# Suddenly noise from BFD



## Dragon777 (Apr 20, 2008)

Hello everybody,

I have been using my BFD 1124P for years now and never had any problems. But suddenly it started to put a loud noise on the sub on all channels. It´s not a hum but sounds more like pink noise. I wonder what may be the cause for this.

The noise stops when the BFD is turned off and it stops when either the input or output cable is pulled (strangely so). I connected the sub directly to the preamp (Audiolab 8000AP) and there is no noise, so somehow the BFD must be the cause. I switched cables and switched channel in the BFD but nothing helped.

Any idea what may be the reason for this and how I can get rid of it again? Or may the unit be defect?

Thanks for help!
D


----------



## Wayne A. Pflughaupt (Apr 13, 2006)

Since your troubleshooting has isolated the problem to the BFD, I vote "defect."

Regards,
Wayne


----------



## Dragon777 (Apr 20, 2008)

Hi Wayne,

I tried to fix this the whole night and finally found the reason for the noise:
It was the power cord of my laptop charger that was in a power socket at the other end of the living room.
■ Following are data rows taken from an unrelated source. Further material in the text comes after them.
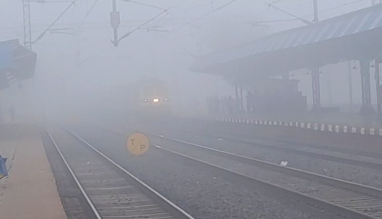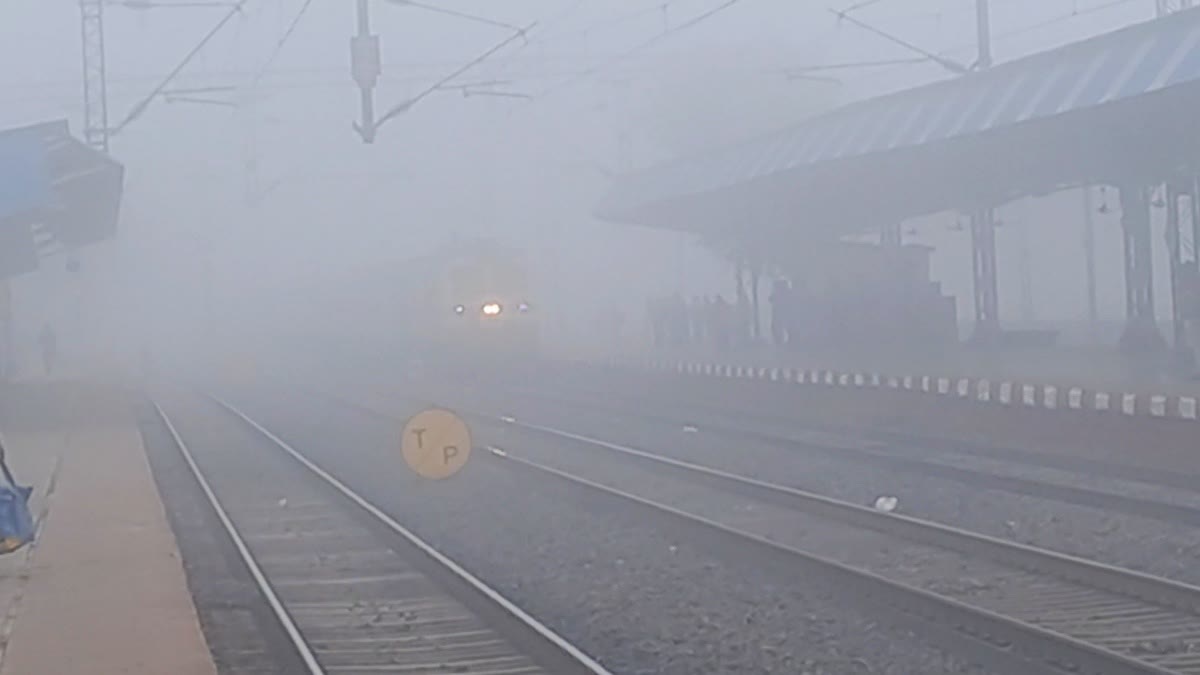 कई ट्रेनें लेट, स्टेशन पर मुश्किल से दिख रही पटरी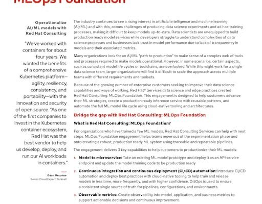 Red Hat Consulting: MLOps Foundation This Red Hat Consulting: MLOps Foundation overview is for enterprise customers seeking to improve their data science capabilities. Read to learn more. FILL THE FORM BELOW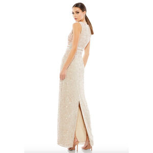 MAC DUGGAL Dress Size 2 Evening Gown Sequin Cream Sleeveless NEW Column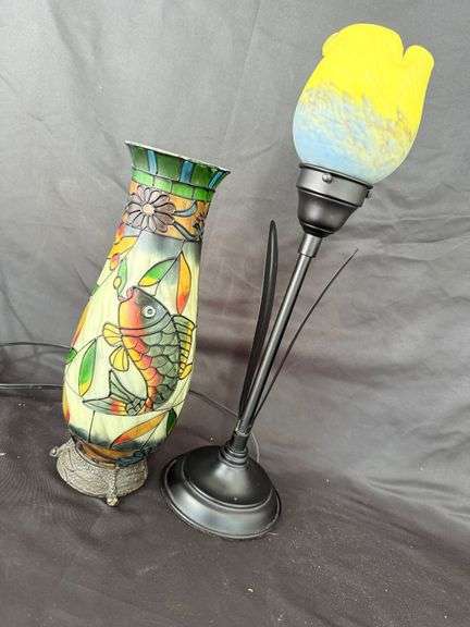 Add a touch of artistry to your living space with this charming pair. First, a delightful flower lamp with a yellow and blue bloom. Accompanying this is a vase adorned with colorful fish designs, a perfect complement to any decor. Tested for power.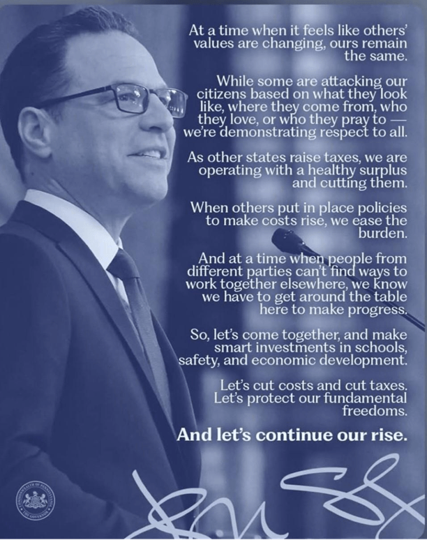 The governor outlined a plan focused on affordability, economic opportunity, and strong communities. His proposal aims to cut costs for working families without raising taxes, while making targeted investments designed to help every Pennsylvanian succeed. The plan emphasizes several key priorities: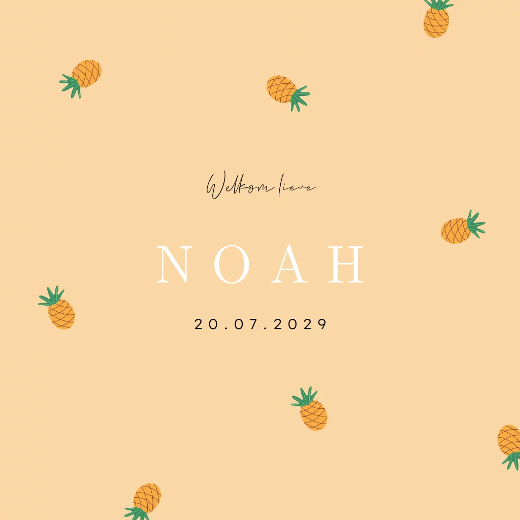 Een geboortekaartje met Mediterrane invloeden, gekenmerkt door een achtergrond vol schattige ananasjes. Fruit wordt dit jaar helemaal in. Verwacht je de komst van je kleintje deze lente of zomer? Dan is dit ontwerp absoluut perfect voor de aankondiging van de geboorte van jouw kindje.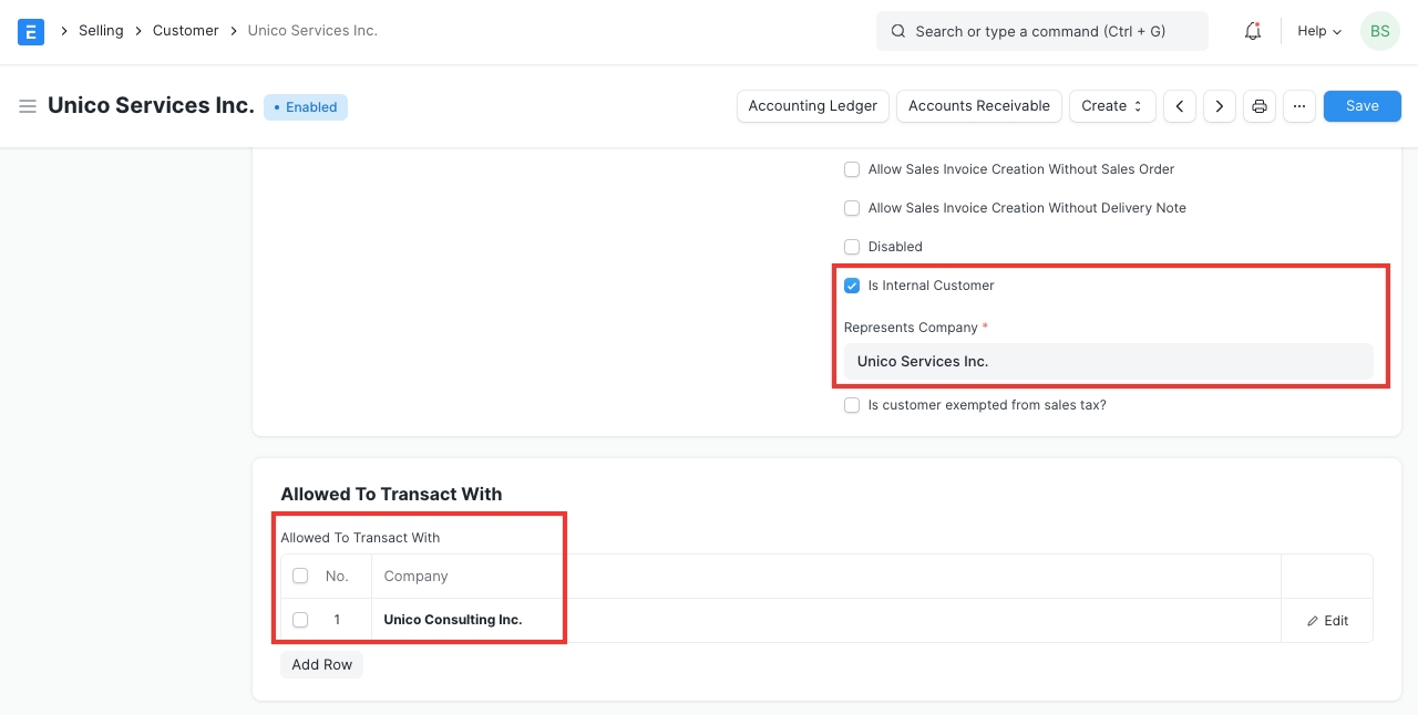 3. Bật hộp kiểm, Khách hàng nội bộ được hiển thị như sau:

As soon as I pulled this power cord, the noise stopped. VERY strange....

Best
D


----------



## Zeitgeist (Apr 4, 2009)

Does your laptop charger have a 3 prong plug (w/ground) or just 2 blades?


----------



## Dragon777 (Apr 20, 2008)

Hi,

the powerplug of the laptop charger is with ground (3 pins). You know what may cause this or how to avoid?

Best
D


----------



## Zeitgeist (Apr 4, 2009)

It almost sounds like a bad/cheap power adapter that's dumping some voltage to ground (and causing the BFD noise).

I'm sure there are others more experienced on here in regards to switch mode power supplies and their ailments. Most laptop power adapters are rather mediocre.


----------



## southworth (Oct 7, 2006)

Do you have your equipment plugged directly into your wall outlets or are you plugging them into a power filter?


----------